On of the key takeaways for my was the Idea of Probabilistic Forecasts. This means using past data to make a prediction about the future with the awareness that the prediction is not 100% accurate, focusing on a probability in a range. For example “There is a 80% chance of delivering 10 or more Story Points this Sprint” (How much will we do?); or “There is a 90% chance of finishing 10 Story Points in the next 14 Days or less” (When will we get it?).
Monte Carlo Method #
Monte Carlo Method: Builds a model of possible results by using the Law of greater Numbers; OR Simulations to calculate the probability of a range of outcomes, which somewhat if we run a Simulation based on our last 10 Sprints, x% of the time we would have delivered a minimum of y Story Points in time. The accuracy of the prediction increases with the increased number of inputs - although in a development environment with experiments, changes in tech stacks, or changes in team composition, less inputs might be sometimes more accurate.
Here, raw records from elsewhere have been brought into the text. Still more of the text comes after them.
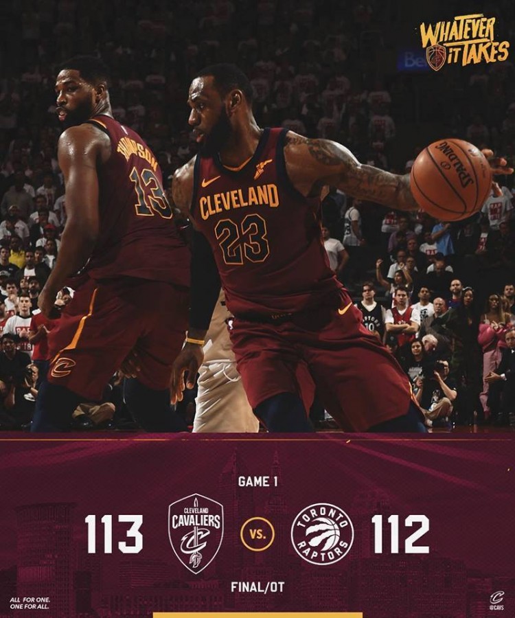 კანადაში, “ტორონტო” “კლივლენდს” დაუპირისპირდა. “ტორონტომ” მატჩი კარგად დაიწყო და პირველი პერიოდი 14 ქულით მოიგო. მეორე პრიოდში “კლივლენდმა” სხვაობა შეამცირა, მაგრამ ანგარიშის გათანაბრება ვერ მოახერხა. ასე იყო მესამე მეოთხედშიც, “ტორონტო” რამდენიმე ქულით, სულ წინ იყო და თითქოს “კავალიერსი” უშანსოდ გამოიყურებოდა. თუმცა მატჩის დასრულებამდე 30 წამით ადრე ლებრონ ჯეიმსმა 2-ქულიანი ჩააგდო და მთლიან შეხვედრაში ანგარიში პირველად გაათანაბრა 105:105. კანადელებმა ბოლო წამზე შეუტიეს ბურთი სამჯერ გადაგზავნეს კალათისკენ, მაგრამ სასურველ შედეგს ვერ მიაღწიეს. საბოლოოდ ოვერტაიმი დაინიშნა, სადაც “კლივლენდს” სროლა უფრო წაუვიდა და სტარტზევე ორი სამქულიანი ჩააგდეს. საბოლოოდ, კანადელებმა 112:113 წააგეს (VIDEO). ბოლო წამზე “ტორონტოს” კვლავ ჰქონდა მოგების შანსი, თუმცა ბურთი კალათში ისევ არ ჩაეშვა. ლებრონ ჯეიმსმა სამმაგი დუბლი შეასრულა - 26 ქულა, 13 პასი და 11 მოხსნა, რაც “მეფისთვის” 26-ე საპლეიოფო სამმაგი დუბლია. ამ მაჩვენებელში ლებრონს, მხოლოდ მეჯიქ ჯონსონი უსწრებს, რომელსაც 30 სამმაგი დუბლი აქვს შესრულებული. “ტორონტოში” 22 ქულით დემარ დეროზანი გამოირჩა. სერიას “კლივლენდი” 1:0-ს იგებს.
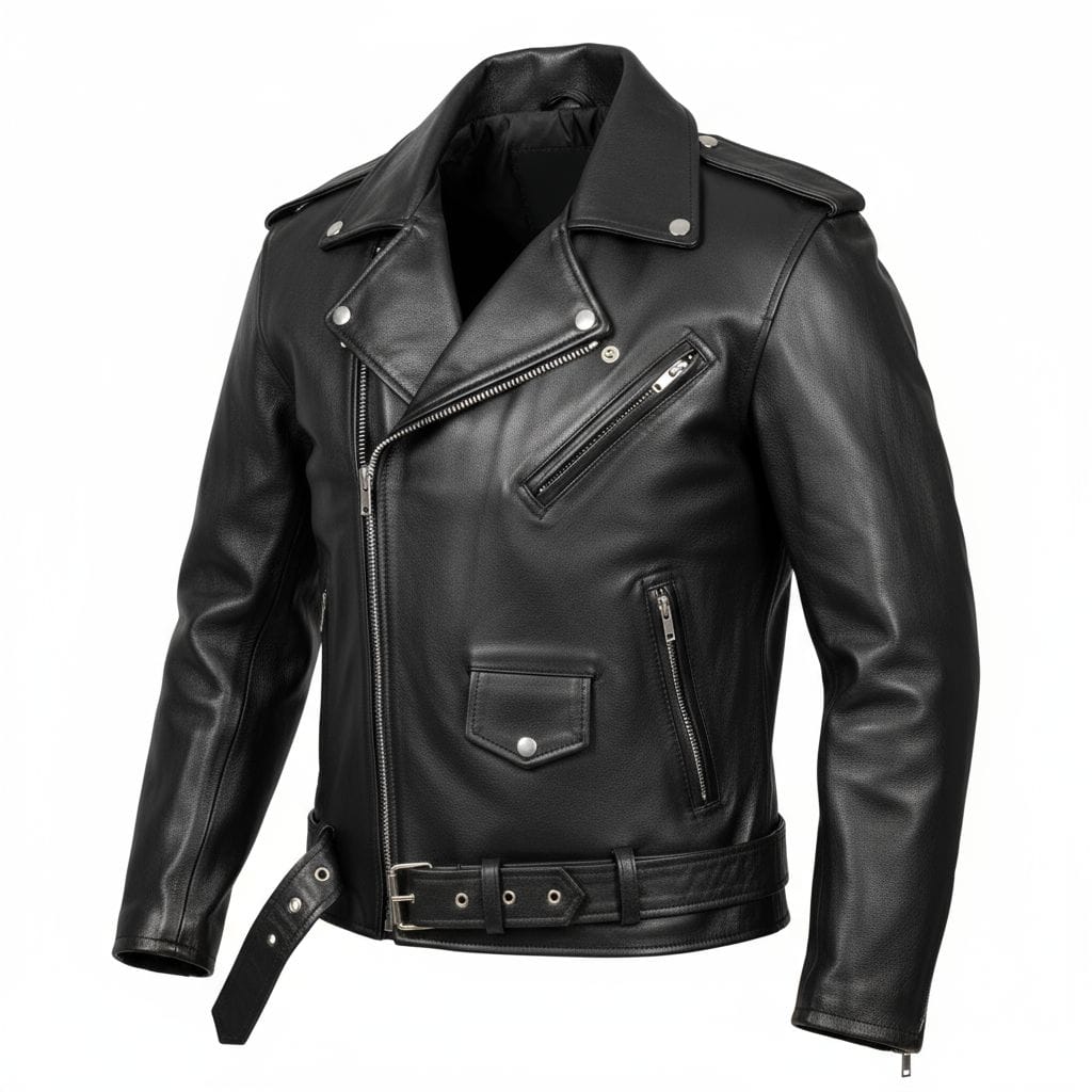 A sleek and timeless black leather biker jacket crafted from smooth, high-quality leather. Featuring an asymmetrical front zipper, wide notch lapels with snap details, multiple zippered pockets, and a belted waist for an adjustable fit. The structured silhouette and polished metal hardware give it a bold, edgy look—perfect for casual wear or adding a rugged touch to any outfit.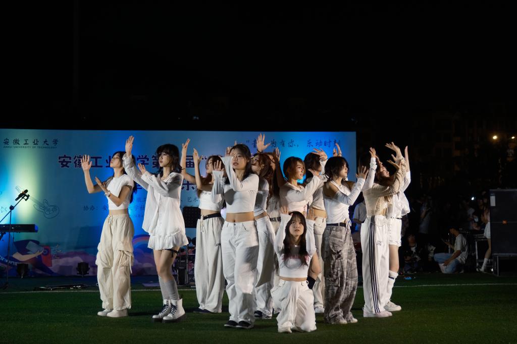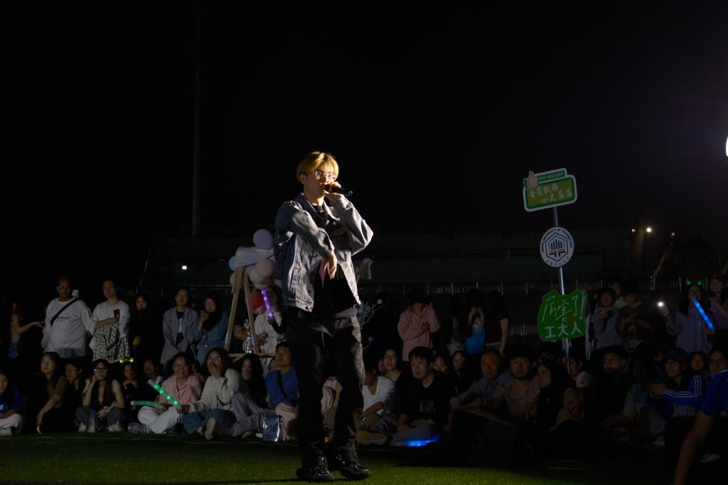 活动伊始,由校舞蹈社部分成员带来的女团舞《Yes!Ok!》用律动甜美的节奏瞬间点燃全场气氛,来往观众无一不被吸引。一舞结束,《美好的事能不能发生在我身上》、《还我蔚蓝》、《吉他与孤独与蓝色星球》、《只有音乐才是我的解药》以及《choose me》接力献唱,星空下的草坪仿佛变成了理想的花园。随后上演的舞蹈《GMIX》舞姿简约帅气,充满现代气息。夜幕渐渐昏沉,但表演的浪潮愈发热烈,模特协会的同学们踩着星光而来,《华韵》登场;说唱协会的同学们用一首首高质量原创歌曲引燃全场······观众围绕成圈,举着荧光棒高呼着,欢笑着,无论是老师还是学生,亦或是慕名而来的市民都被音乐节的狂热氛围所感染,情不自禁地摆动起来。霓虹灯投下的光影在人群间跳跃舞动,人们用丰富的律动与宇宙的频率相衬,表现出对生命、对青春的热爱。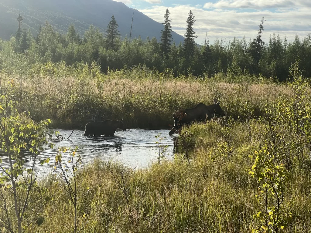 On the way out we made a quick stop by the ERNC boardwalk to catch a view of the valley. We were greeted by a perfect scene – a mama moose and calf up close with a tranquil sunset beyond. This was Christian’s first moose encounter.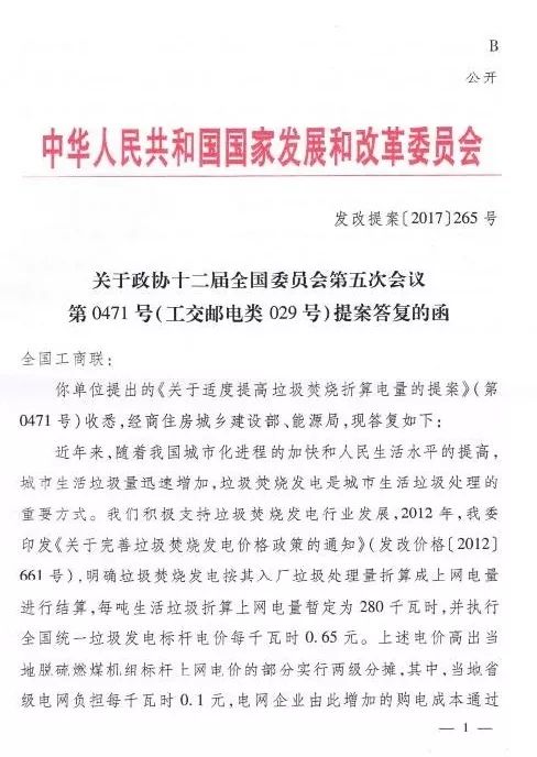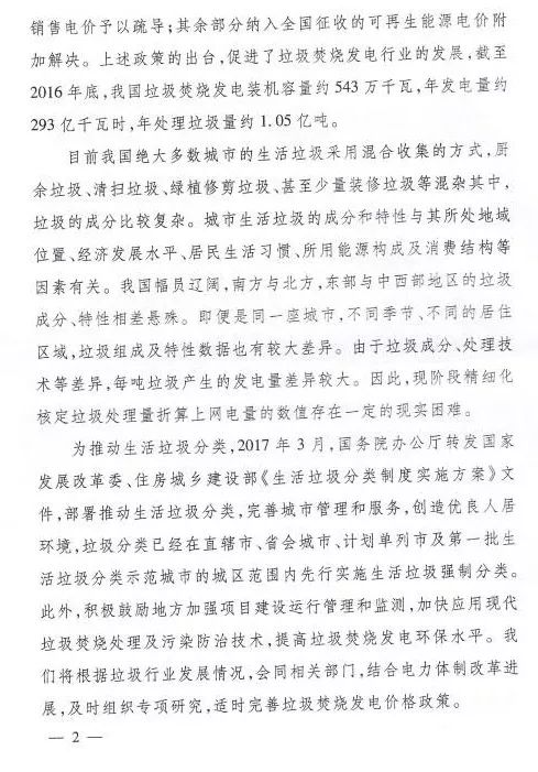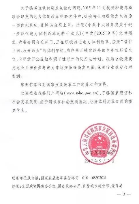 今年年初,環(huán)境商會以全國工商聯(lián)團體提案的形式向兩會遞交《關(guān)于適度提高垃圾焚燒折算電量的提案》,國家發(fā)改委于9月正式答復。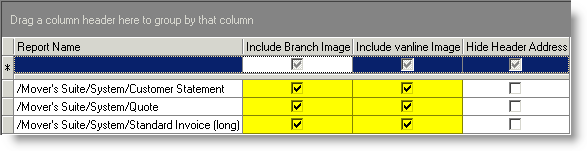 6. Repeat Steps 3 through 5 to enable other report documents to display the branch or van line image.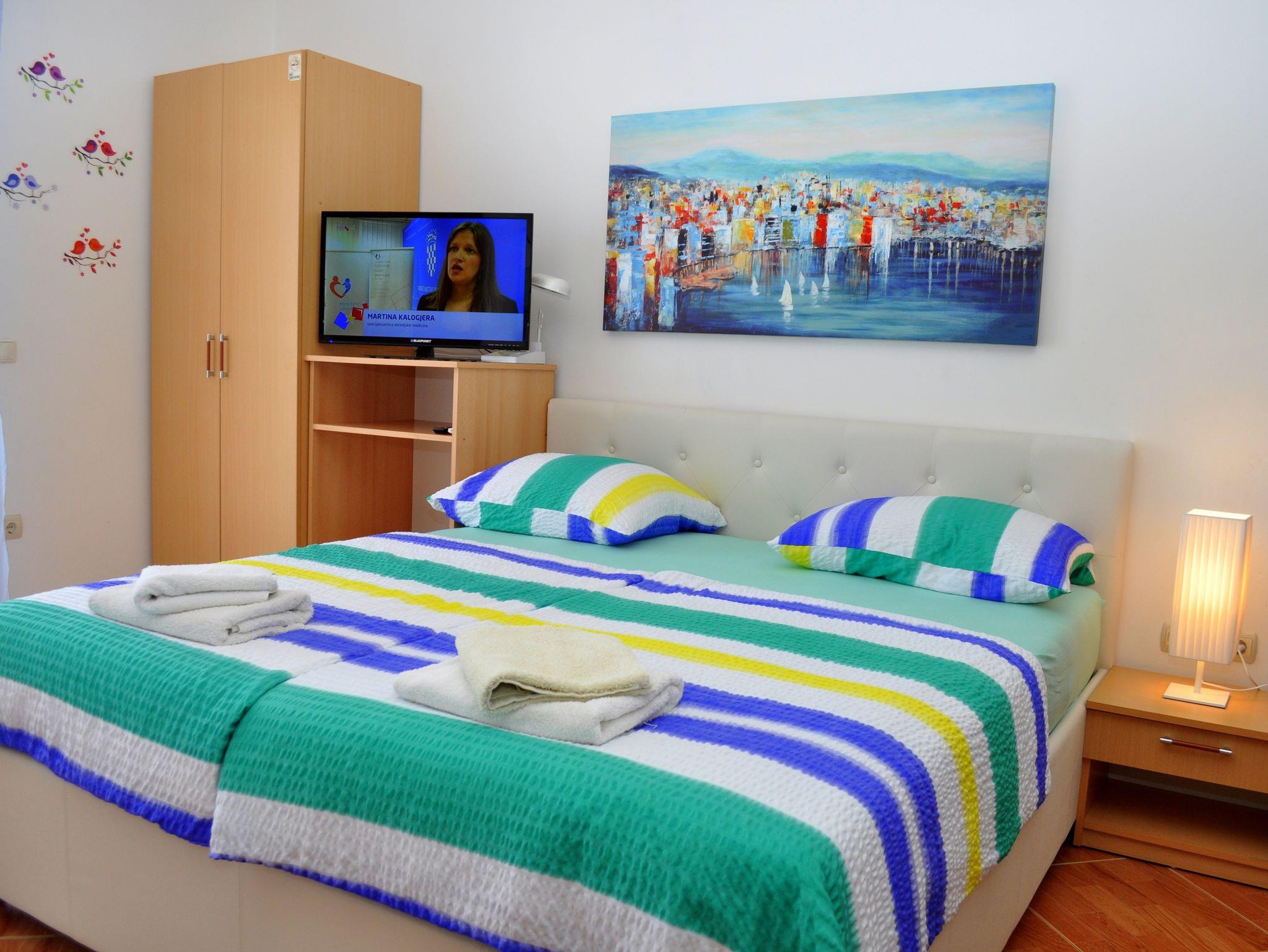 Studio bietet Platz für 3 Gäste. Die Betten sind in Schlafzimmern, die es 1 gibt, innerhalb einer Gesamtfläche von 27m2, angeordnet. Die Gäste haben einen eigenen Balkon zur Verfügung, auf der sie in warmen Sommernächten genießen können. Das Studio-Apartment bietet Meerblick. IM PREIS INBEGRIFFEN: Kurtaxe, Endreinigung, Klimatisierung, Parkplatz, Internet, Bügeleisen, Bügelbrett, Föhn. Die Verfügbarkeit zusätzlicher Dienstleistungen in Ihrem reservierten Termin und die Preise derselben (falls nicht aufgeführt) müssen im Voraus überprüft werden. Zusätzliche Dienstleistungen die in der Zahlungsaufforderung nicht aufgeführt sind werden direkt beim Vermieter bezahlt, angenommen der Gast nutzt auch diese. Ermäßigung auf den Grundpreis: Gratistag 21=19 (bei einem Aufenthalt von 21 Tagen oder mehr erhalten Sie 2 Gratistage für den Aufenthalt bis 31.12.26).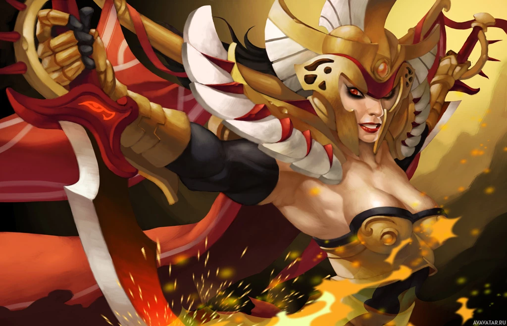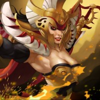 red accents and a helmet that has wings extending from either side of her head. Her attire suggests she may be a character from the "Dota 2" universe, specifically known as "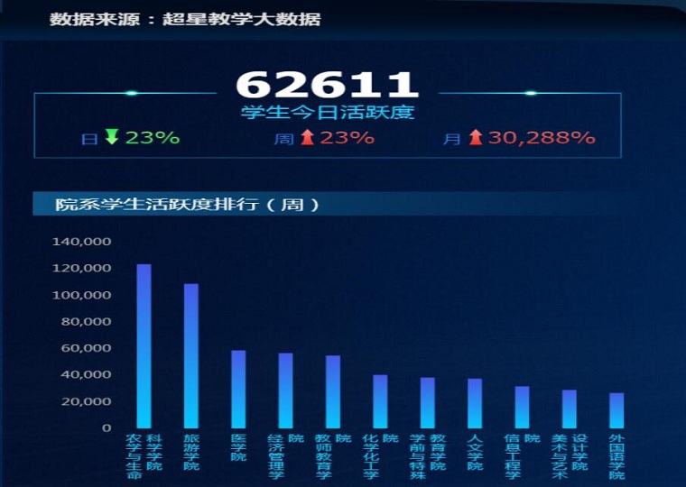 开学一周来,网络教学整体运转顺利,教学运行平稳。本学期全校共计划开设1353门课程,其中1303门课程如期开展了网络在线教学,课程占比 96.30%,网络教学学生总访问量约为891590人次,主讲教师972人,师生间开展了有针对性的高效互动,体现了较高的学习热情。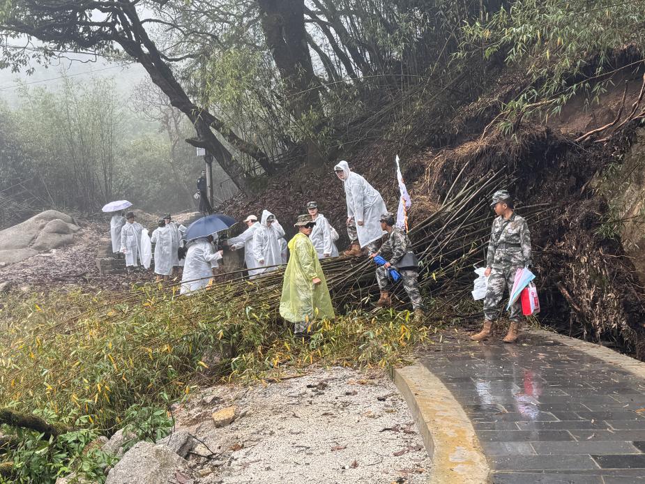 前往界碑的路途,直接考验着团队的意志与协作能力。因前方塌方导致车辆无法通行,实践团成员在戍边民警的带领下,毫不犹豫地徒步进入雨雾弥漫的林区。连绵雨水迅速浸透衣衫,湿滑崎岖的山路上,还遍布成片倒伏的竹群,行进阻力陡增。面对困难,“你累我拎、我累他扛”成了最实在的行动准则。队员们沾满泥泞的双手接力传递着沉重的物资包,见同伴脚步不稳时,总有援手及时伸出。无需过多言语,彼此扶持、共渡难关的默契已然形成。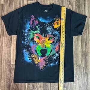 Step into cosmic style with this Liquid Blue Rainbow Galaxy Wolf T-Shirt in size Medium. Featuring a vibrant, multicolor wolf graphic on a starry galaxy background, this tee blends bold animal art with psychedelic flair. Made from 100% pre-shrunk cotton, it’s soft, breathable, and built to last. Perfect for fans of spirit animals, vintage-style graphics, or unique statement tees.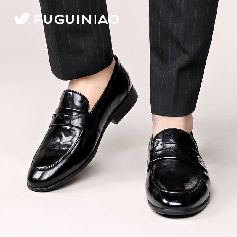 富贵鸟男鞋新款真皮休闲皮鞋男士软底防滑一脚蹬豆豆鞋潮流驾车鞋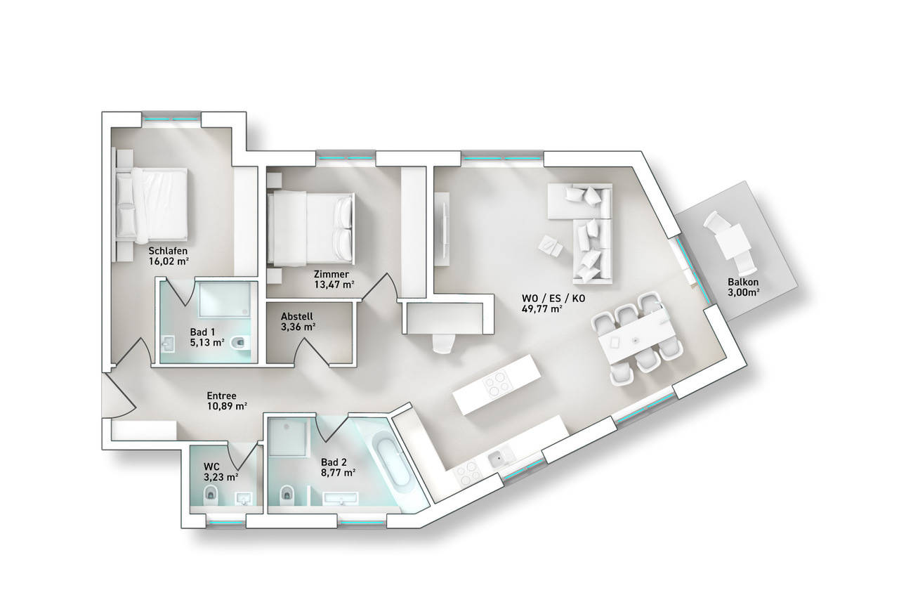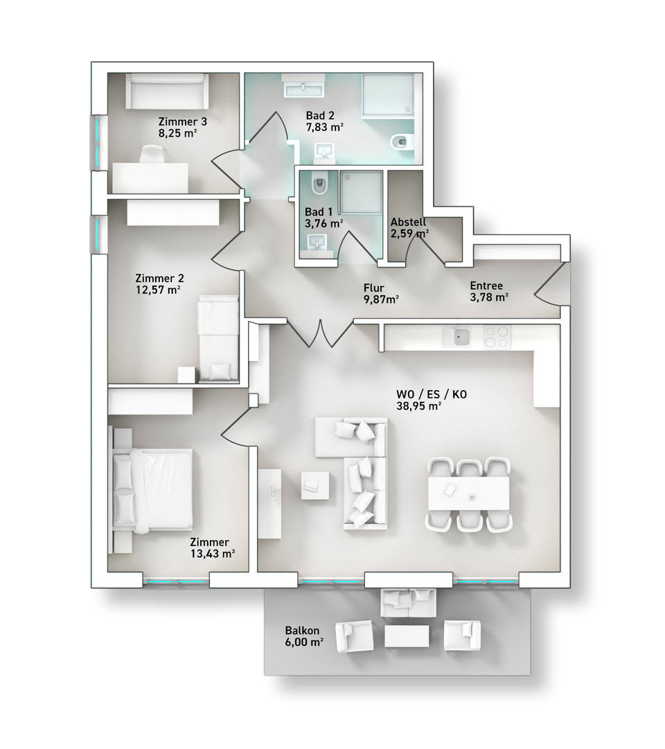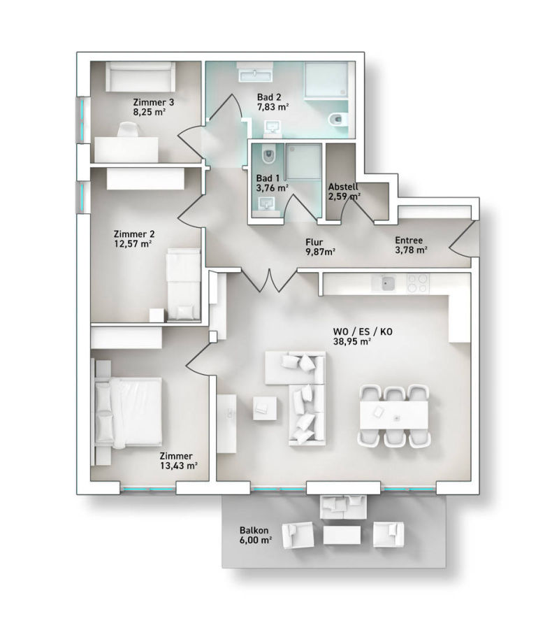 Zur gehobenen Ausstattung dieser modernen Wohnungen gehöhren Bäder mit Wanne und bodengleicher Dusche, offene Küchen, bodentiefe Fenster für helle Räume und eine Fußbodenheizung.

Using Data to Drive Conversations #
Julie uses Monte Carlo Simulations multiple times throughout the Sprint, to get a better and better prediction - and to react at the earliest possible time. The moment the probability of delivering the minimum Story Points in time drops, or the expected date to finish all work items is after the deadline, there is a need for a conversation. This Conversation might include a change of expectations or a change of scope.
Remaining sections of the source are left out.